What you have to do: All of the entries below need repeating exactly, apart from their images.

Source material:
□ □ □ □

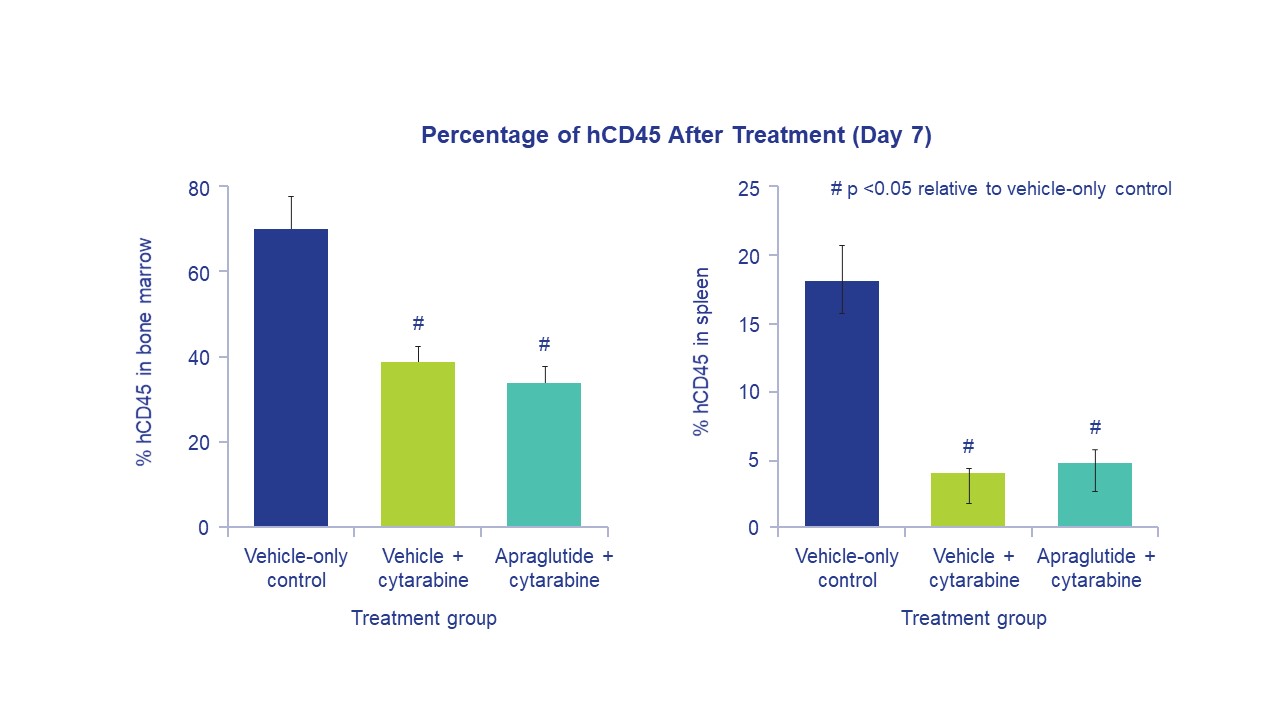 Methods: Study 1 assessed cytarabine’s antitumor effects in leukemic NOD/SCID mice. Apraglutide or vehicle was administered on Days -4 to 4. Cytarabine or vehicle was administered on Days 0-4. Bone marrow and spleen samples were collected on Day 7, and the percentage of hCD45+ cells was determined. Study 2 assessed the effect of apraglutide on cytarabine-induced immunosuppression and included three groups of Balb/c mice: (A) vehicle; (B) cytarabine on Days 5-9; (C) cytarabine on Days 5-9, concomitant apraglutide on Days 5-18. RBC, platelets, WBC, NEU, and LYMPH, were assessed. A cohort was allowed to survive for four weeks to evaluate the effect of apraglutide on immunosuppression recovery. Study 3 assessed the effect of apraglutide on melphalan-induced immunosuppression. Three groups of Balb/c mice were included: (A) vehicle; (B) melphalan on Day 9; (C) melphalan on Day 9, apraglutide pre-treatment on Days 1, 3, 5, 7 and continued as co-administration on Days 9, 11, and 13. WBC, NEU, and LYMPH were assessed.
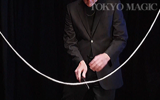2人の観客にロープの両端を持ってもらい、中心近くにたるみを取ってロープを切断します。その切断箇所の端と端を結んで結び目を作りロープを一直線にします。次に、結び目をロープに沿って自由に滑らせてしまいます。切断した部分が不思議なことに左右に動きます。
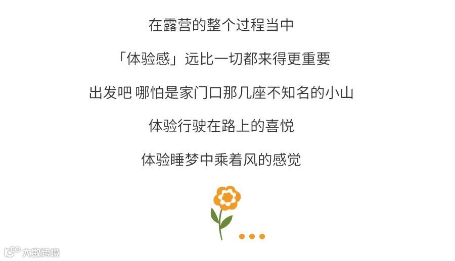 导读:在露营的整个过程当中 「体验感」远比一切都来得更重要 出发吧 哪怕是家门口那几座不知名的小山 体验行驶在路上的喜悦 体验睡梦中乘着风的感觉
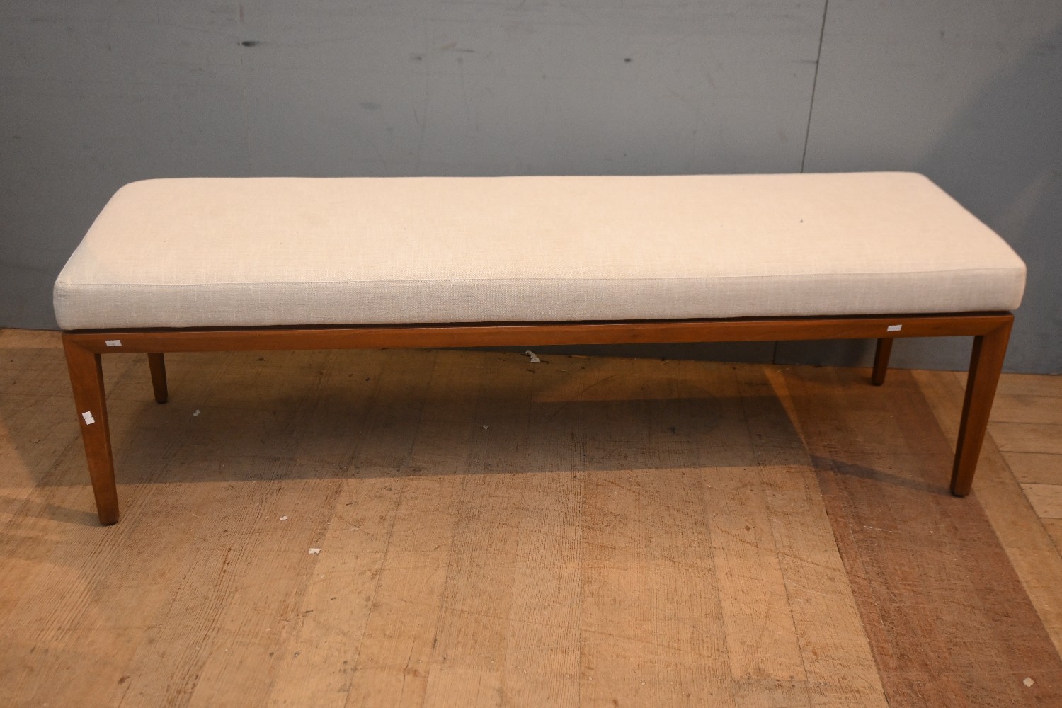 A HARDWOOD LONG STOOL WITH A FIXED CUSHION SEAT (47H X 151W X 45D CM) (LEONARD JOEL DELIVERY SIZE: X-LARGE)
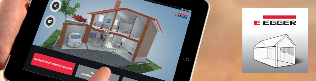 - Řešení konstrukčních dílů v 3D zobrazení pomocí stavebních produktů firmy EGGER.
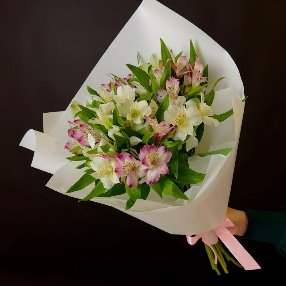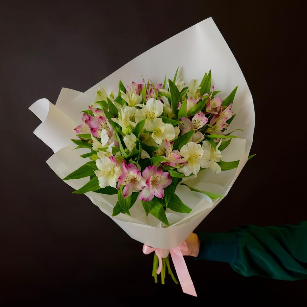 Альстромерия - 5 шт. Лента атласная - 1 шт. Упаковка дизайнерская - 3 шт.
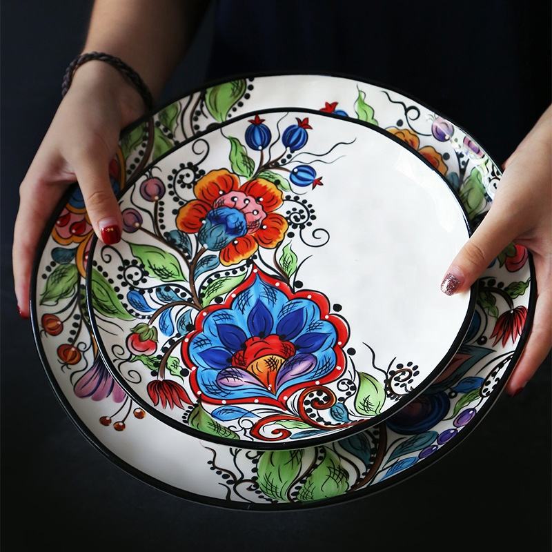 ชุดจานสเต็กโบฮีเมียน6ชิ้นพอร์ซเลนแบบไม่สม่ำเสมอทำด้วยมือ
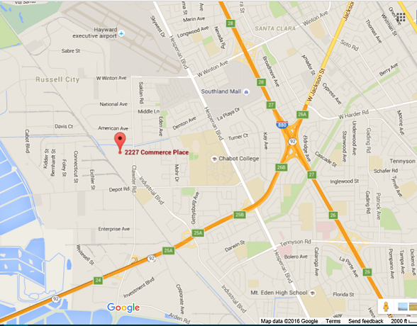 From Sacramento/Concord: Take I-680 South, turn to I-580 west, and to I-880 South. Exit Western Winton Ave, turn right at exit, turn left to Clawiter Rd, and turn right to Commerce Place. We are on right hand side. |

□ □ □ □

Completed exercise:
 Methods: Study 1 assessed cytarabine’s antitumor effects in leukemic NOD/SCID mice. Apraglutide or vehicle was administered on Days -4 to 4. Cytarabine or vehicle was administered on Days 0-4. Bone marrow and spleen samples were collected on Day 7, and the percentage of hCD45+ cells was determined. Study 2 assessed the effect of apraglutide on cytarabine-induced immunosuppression and included three groups of Balb/c mice: (A) vehicle; (B) cytarabine on Days 5-9; (C) cytarabine on Days 5-9, concomitant apraglutide on Days 5-18. RBC, platelets, WBC, NEU, and LYMPH, were assessed. A cohort was allowed to survive for four weeks to evaluate the effect of apraglutide on immunosuppression recovery. Study 3 assessed the effect of apraglutide on melphalan-induced immunosuppression. Three groups of Balb/c mice were included: (A) vehicle; (B) melphalan on Day 9; (C) melphalan on Day 9, apraglutide pre-treatment on Days 1, 3, 5, 7 and continued as co-administration on Days 9, 11, and 13. WBC, NEU, and LYMPH were assessed.
2人の観客にロープの両端を持ってもらい、中心近くにたるみを取ってロープを切断します。その切断箇所の端と端を結んで結び目を作りロープを一直線にします。次に、結び目をロープに沿って自由に滑らせてしまいます。切断した部分が不思議なことに左右に動きます。
 导读:在露营的整个过程当中 「体验感」远比一切都来得更重要 出发吧 哪怕是家门口那几座不知名的小山 体验行驶在路上的喜悦 体验睡梦中乘着风的感觉
 A HARDWOOD LONG STOOL WITH A FIXED CUSHION SEAT (47H X 151W X 45D CM) (LEONARD JOEL DELIVERY SIZE: X-LARGE)
 - Řešení konstrukčních dílů v 3D zobrazení pomocí stavebních produktů firmy EGGER.
 Альстромерия - 5 шт. Лента атласная - 1 шт. Упаковка дизайнерская - 3 шт.
 ชุดจานสเต็กโบฮีเมียน6ชิ้นพอร์ซเลนแบบไม่สม่ำเสมอทำด้วยมือ
 From Sacramento/Concord: Take I-680 South, turn to I-580 west, and to I-880 South. Exit Western Winton Ave, turn right at exit, turn left to Clawiter Rd, and turn right to Commerce Place. We are on right hand side. |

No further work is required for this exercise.